Thursday, April 14, 2016

Defining My Girlhood




[TW: Abuse]

 My childhood was destroyed and turned into something that damaged me by a patriarchal societal upbringing that intersected with transphobic views that smothered my reality and my possibility to find myself in a haze of physical, psychological and emotional abuse from parents and others. I never had a childhood for these reasons, much less a girlhood, but I'm relearning that it's not too late to reconfigure and claim my own girlhood and define my childhood on my own terms.


My own sense of self had been muted for so long that my only outlet for expressing how I felt was through the vicarious nature of art, and specifically television, movies and music.

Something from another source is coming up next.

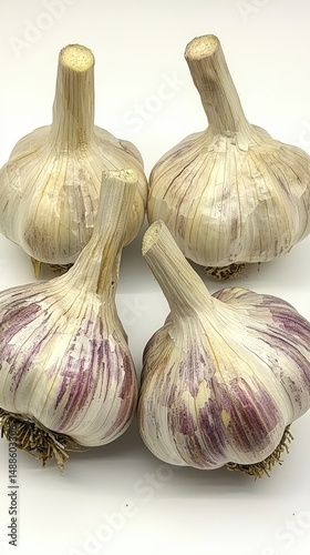 Obraz premium Garlic bulbs and cloves displayed on clean white background

Little tremors of power coursed through me in the images of Sailor Scouts because they stood up for themselves, which wasn't something I had the voice or know how to do against a father who routinely made sure I evaded all things feminine or face his wrath in the form of a beating. My father thought he was beating femininity out of me and masculinity into me, but what he was doing was completely eliminating my sense of self and setting me up for later bouts of depression, submissiveness and PTSD.

I recently viewed childhood favourite Labyrinth in a cinema, and while I was always struck by how much I saw myself in the lead character Sarah one scene had slipped out of my mind, but came flooding back in torrents during this viewing. I was already crying a good deal throughout, because fellow gender weirdo David Bowie had passed away recently (he'd mean something to me much later in life), but one line of dialogue made a memory come back to me that I had forgotten. The memory was that of a young version of myself re-enacting Labyrinth in my backyard saying "You have no power over me" over and over again. Those words are a deliberate statement of reclamation. I wish I had the strength to say those words to my father when I was that young, but I never began to put those words into sentences until almost twenty years later. "You have no power over me".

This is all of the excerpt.